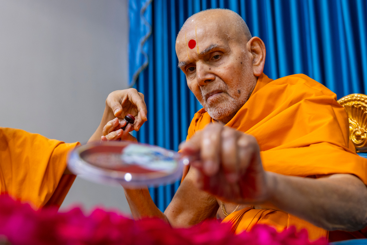 Swamishri reverently touches a stone sanctified by Aksharbrahma Gunatitanand Swami
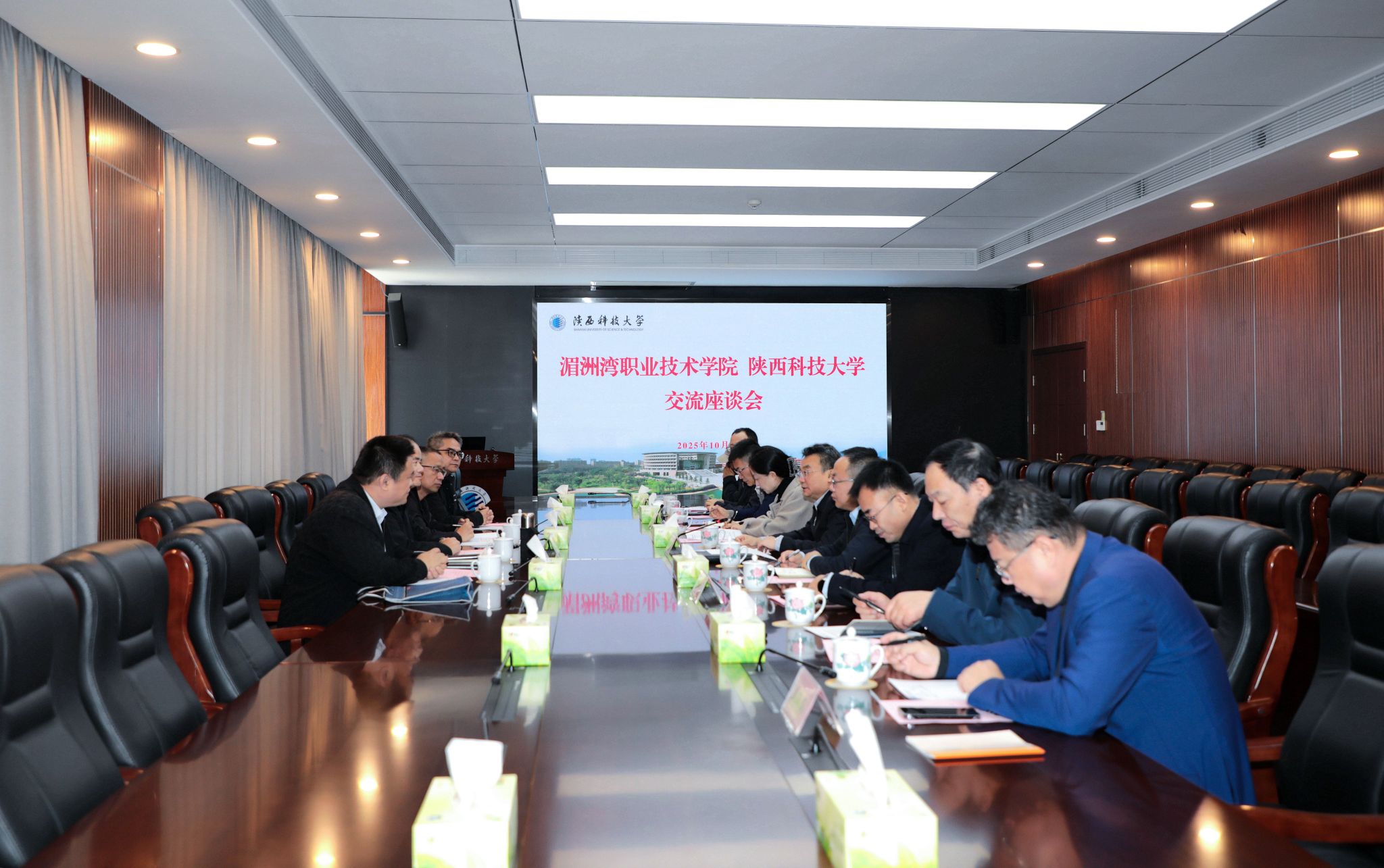 10月21日,湄洲湾职业技术学院党委书记柯金国一行来陕西科技大学调研交流。陕西科技大学党委书记樊建武,党委副书记、纪委书记、监察专员罗莹出席接待活动。
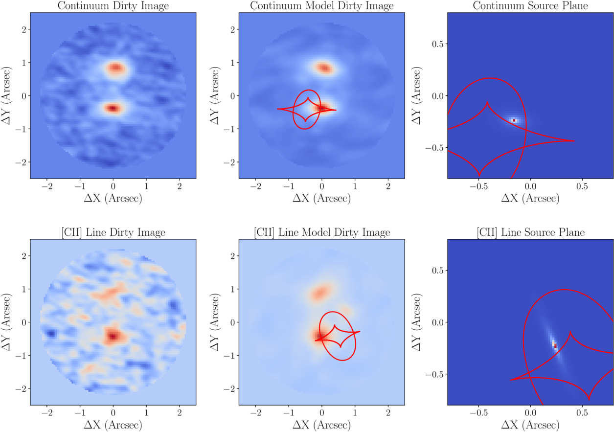 The best-fit lensing model for the continuum and [C II] line emission. From left to right: the observed dirty image, the modeled dirty image, and the source plane emission. The red lines mark the caustics of the best-fit lensing models. The best-fit lensing configuration for the continuum emission and the [C II] line differ significantly, essentially ruling out the strong lensing hypothesis for J2037–4537.
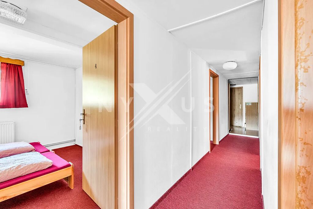 Hlavní, větší dům je momentálně využíván jako penzion, ale lze ho snadno přizpůsobit pro rodinné bydlení či rekreaci. Dispozice přízemí zahrnuje halu, kuchyni, společenskou místnost a dva pokoje s vlastními koupelnami a WC. Dále se zde nachází samostatné WC a sklad pro lyže či kola. V patře domu jsou dvě koupelny a WC, šest pokojů a samostatný apartmán 2 (3) + 1 s koupelnou, vanou a WC, ze kterého je krásný výhled na přilehlý splav. Dům byl částečně modernizován, což zahrnuje zavedení plynu, nové rozvody vody a elektřiny, výměnu většiny oken a nové okapy. Součástí domu je prostorný kamenný sklep a vnější plášť domu je vhodný pro rekonstrukci.
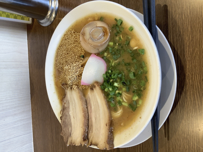 麺屋仁、和歌山らーめん690円+味玉クーポン。濃厚タンメン率が高い麺屋仁さんですが、やっぱり和歌山らーめんです。パッツリの低加水麺に濃厚な豚骨しょうゆスープが絡みます。具材も、メンマやネギ、白ゴマなどが盛り沢山、分厚いチャーシューも2枚入っています。クーポンは味玉にしました。
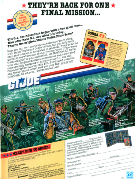 I included the G.I. Joe case in my Action Figure Carrying Cases book* last year, and today I’d like to direct your attention to the second issue of Hasbro’s G.I. Joe magazine and this full-page advertisement offering up both the case and ten G.I. Joe action figures. $25 for ten figures and the case is a fantastic deal, but what I most want to know is:
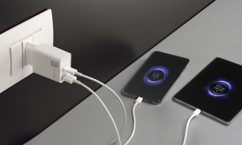 MULTIPORT CHARGER PD 20W è il caricabatterie di Cellularline che, grazie alle sue due porte, consente di caricare contemporaneamente due dispositivi con una sola presa. La porta USB-C eroga 20W PD, la porta USB-A eroga 18W QC. Quando utilizzate in contemporanea le porte erogano 15W. MULTIPORT CHARGER PD 20W è il caricabatterie multiporta ideale per tutti gli smartphones, grazie alla sua carica fino a 20W Power Delivery.
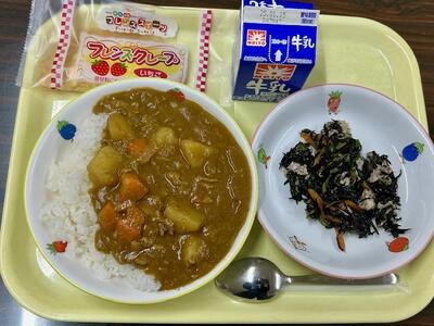 ポークカレーライス、ひじきのマリネ、クレープ(いちご)、牛乳
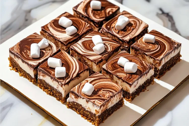 When ready to serve, dust the top of the chilled bars with cocoa powder and, if desired, sprinkle mini marshmallows on top for that classic hot chocolate touch. Slice the bars using a hot knife for clean edges, and delight in each chocolatey, creamy bite!
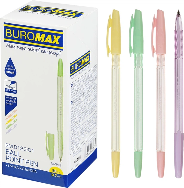 Набір ручок Buromax Simple кулькові 0.7 мм Сині корпус асорті 50 шт (BM.8123-01)
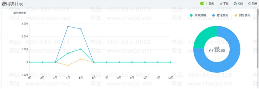 基于自动计算的明细费用数据,配套会生成趋势图,可以直观的查看各个月费用环比增长情况以及各项费用的构成占比,更便于企业查看分析长周期内的费用支出情况变化。
☆ ☆ ☆ ☆ ☆ ☆ ☆
**Task**
With pictures omitted, repeat the entries above word for word from the line holding "10月21日,湄洲湾职业技术" down to the line holding "麺屋仁、和歌山らーめん690", keeping both of those lines.

**Answer box**
 10月21日,湄洲湾职业技术学院党委书记柯金国一行来陕西科技大学调研交流。陕西科技大学党委书记樊建武,党委副书记、纪委书记、监察专员罗莹出席接待活动。
 The best-fit lensing model for the continuum and [C II] line emission. From left to right: the observed dirty image, the modeled dirty image, and the source plane emission. The red lines mark the caustics of the best-fit lensing models. The best-fit lensing configuration for the continuum emission and the [C II] line differ significantly, essentially ruling out the strong lensing hypothesis for J2037–4537.
 Hlavní, větší dům je momentálně využíván jako penzion, ale lze ho snadno přizpůsobit pro rodinné bydlení či rekreaci. Dispozice přízemí zahrnuje halu, kuchyni, společenskou místnost a dva pokoje s vlastními koupelnami a WC. Dále se zde nachází samostatné WC a sklad pro lyže či kola. V patře domu jsou dvě koupelny a WC, šest pokojů a samostatný apartmán 2 (3) + 1 s koupelnou, vanou a WC, ze kterého je krásný výhled na přilehlý splav. Dům byl částečně modernizován, což zahrnuje zavedení plynu, nové rozvody vody a elektřiny, výměnu většiny oken a nové okapy. Součástí domu je prostorný kamenný sklep a vnější plášť domu je vhodný pro rekonstrukci.
 麺屋仁、和歌山らーめん690円+味玉クーポン。濃厚タンメン率が高い麺屋仁さんですが、やっぱり和歌山らーめんです。パッツリの低加水麺に濃厚な豚骨しょうゆスープが絡みます。具材も、メンマやネギ、白ゴマなどが盛り沢山、分厚いチャーシューも2枚入っています。クーポンは味玉にしました。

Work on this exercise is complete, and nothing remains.